Monitoring stress marker genes is a commonly use approach for evaluating changes in stress response related genes and assess/identify the stress yeasts undergo and their response to it. A good stress marker gene is usually one that responds specifically to a given stress. In a situation of mixed stresses, as in an industrial propagation process, genes that respond strongly to more than 2 stresses are not adequate to monitoring purposes, and are thus unsuitable to be a stress gene marker (Pérez-Torrado et al. 2005).

Selected genes for this work were: TRX2 which was shown to strongly respond to oxidative stress, GPD1 involved in glycerol synthesis and part of the specific high-osmolarity glycerol response pathway, HSP12 which is part of the previous mentioned GSR involving STRE sequence and transcription factors Msn2p/Msn4p. All of the above were used in a similar work monitoring stress marker genes in a yeast propagation process by Pérez-Torrado et al. (2005) and shown to respond strongly to the respective stress and poorly to others usual present in this kind of process.

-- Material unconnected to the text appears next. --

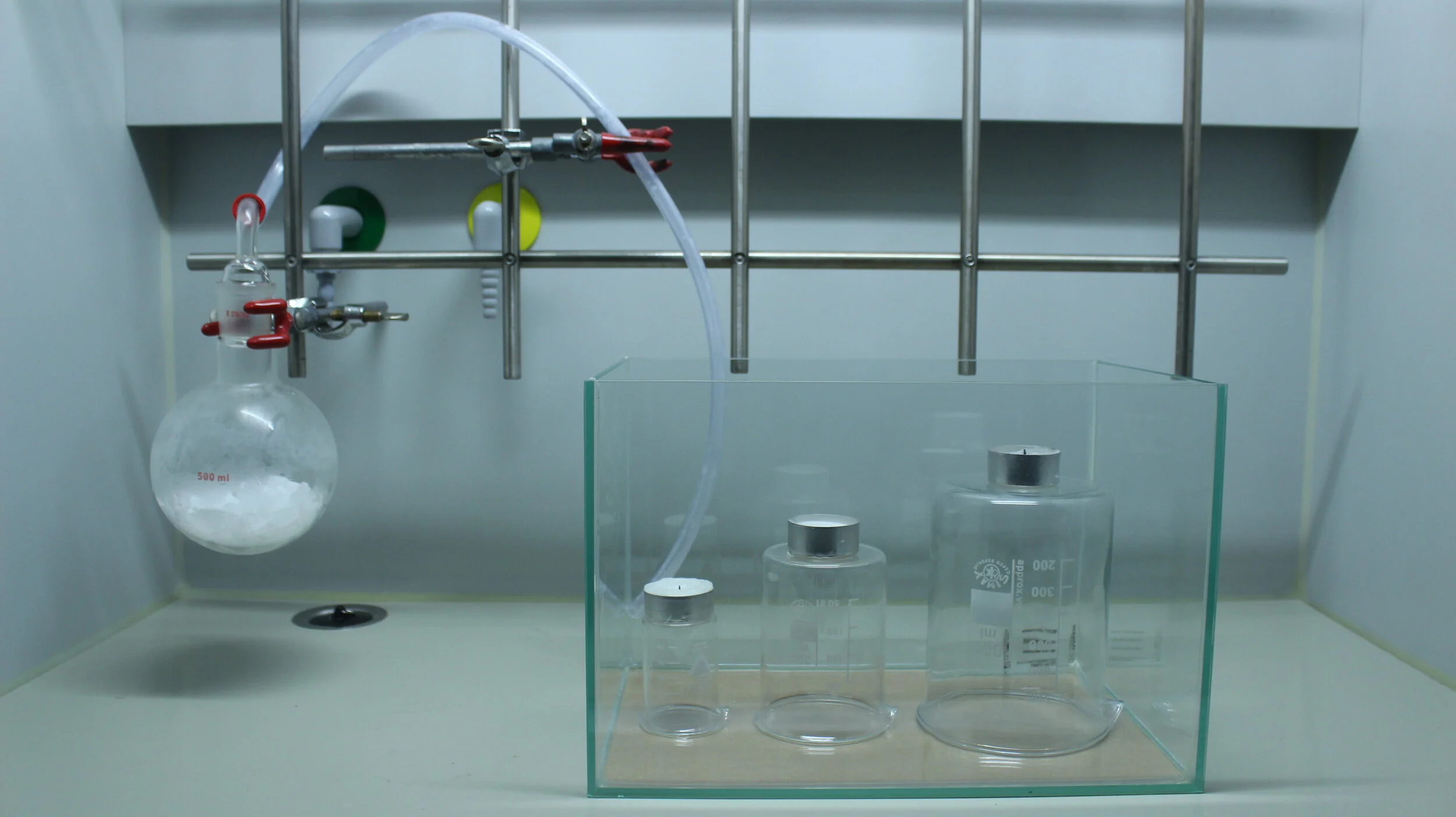 3 Bechergläser 250mL, 3 Glasrührstäbe, Colaflasche 500mL
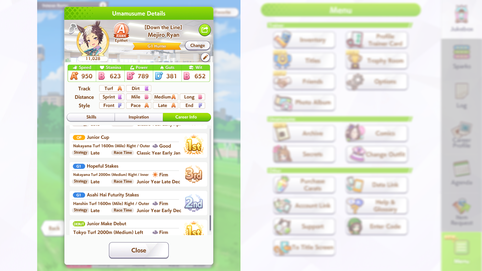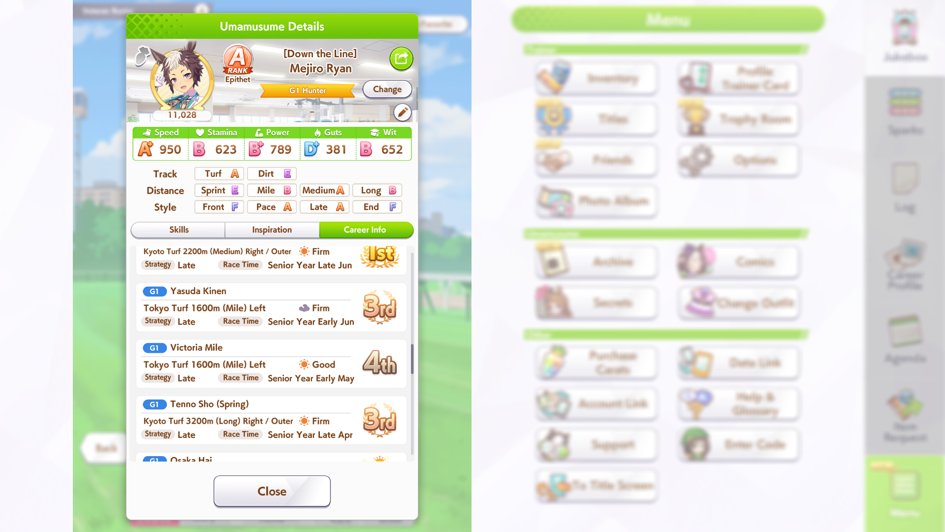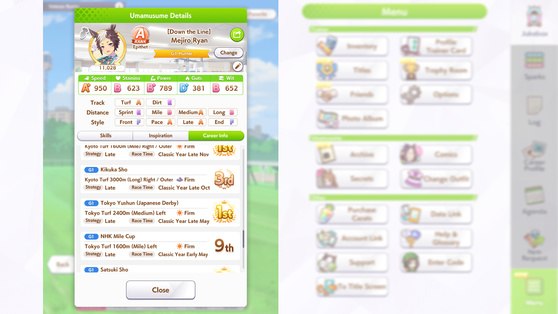 Эпитеты будут давать статы. Поэтому ты хочешь их собрать. Их целая туча. Но в основном - это трипл кравны, трипл тиары, дёрт, миля, спринт кинги. Расписание сам себе собираешь. Вот пример от протыка, лучше посмотрите, он там разбирает, что и когда лучше юзать. Из-за значительного притока статов с эпитетов очень сильны лошади, которые могут бегать Всё. МВП - Огури. Она может фармить все дёрты, все мили, все лонги. Протык говорит, что если тренишь лошадку с плохой милей - лучше набрать спарков в буст мили хотя бы до Б, чем брать Эску до нужной дистанции на цм. 2 вида карьеры - карьера с лонгами - трипл кравн, карьера без лонгов - трипл тиара. Когда появлется Райвал - то против него лучше пробежать.

GSH1 was discarded in that case for not presenting a strong response during the whole process but included by us, since we intended to follow the process after propagation phase (maturation, immobilization and drying) and other work reported a strong response by GSH1 during drying (Garre et al. 2010). GSH1 and TRX2 are both stress marker genes for oxidative stress but their regulation is different and involves different transcription factors. In a bench top trial of wine yeast biomass propagation it was demonstrated that the main adverse conditions that yeasts face in this particular process are osmotic and oxidative stress, GPD1 and TRX2 respectively (Pérez-Torrado et al. 2005; Goméz-Pastor et al. 2011). Other studies have identified oxidative critical stressful timepoints during the propagation process: the metabolic transition from fermentation to respiration, the end of the batch phase when ethanol is totally consumed and the end of the fed-batch (Goméz-Pastor et al. 2011; Goméz-Pastor et al. 2010). Under this oxidative stress, genes such as GSH1, TRX2 are usually induced. Furthermore, Goméz-Pastor et al. (2010) work also showed that overexpression of TRX2 had a positive impact on biomass yield. Osmotic stress, specifically high-osmolarity stress, results in a well known response called the high-osmolarity glycerol response pathway (HOG pathway), in these conditions genes involved in glycerol synthesis (such as GPD1 and GPP2) and others from the same pathway are induced in order to glycerol accumulate inside the cells and avoid water loss. Regarding nutrient starvation, there is a poorly understood stress response, although it is known that some genes of unknown function are induced, such as YGP1 (Pérez-Torrado et al. 2005).